Practical PyTorch实战：基于注意力机制的Seq2Seq翻译模型详解

practical-pytorch Go to https://github.com/pytorch/tutorials - this repo is deprecated and no longer maintained 项目地址: https://gitcode.com/gh_mirrors/pr/practical-pytorch

Seq2Seq翻译模型示意图

项目概述

本文将带您实现一个基于PyTorch的序列到序列(Seq2Seq)神经网络翻译模型，能够将法语翻译成英语。
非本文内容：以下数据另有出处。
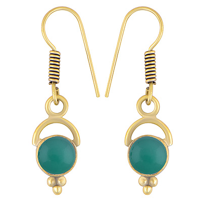 Home | Fashion Earrings | Brass Gemstone Earrings | Alluring Moon Pattern On Green Onyx Round Shape Solid Brass Dangle Earrings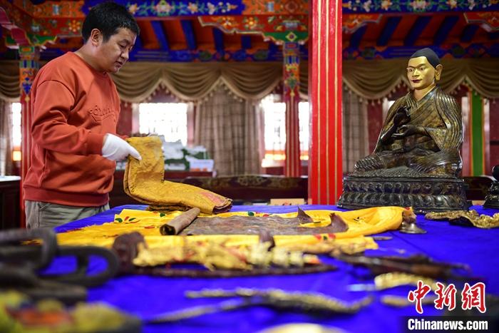 圖為捐贈(zèng)者洛桑旦增正在整理文物。 中新社記者 貢嘎來松 攝

这个模型结合了注意力机制，显著提升了翻译质量。以下是模型的一些翻译示例：

[KEY: > 输入, = 目标输出, < 模型输出]

> il est en train de peindre un tableau .
= he is painting a picture .
< he is painting a picture .

> pourquoi ne pas essayer ce vin delicieux ?
= why not try that delicious wine ?
< why not try that delicious wine ?

> elle n est pas poete mais romanciere .
= she is not a poet but a novelist .
< she not not a poet but a novelist .

序列到序列学习原理

基本概念

序列到序列网络(Seq2Seq)由两个独立的RNN组成：编码器(Encoder)和解码器(Decoder)。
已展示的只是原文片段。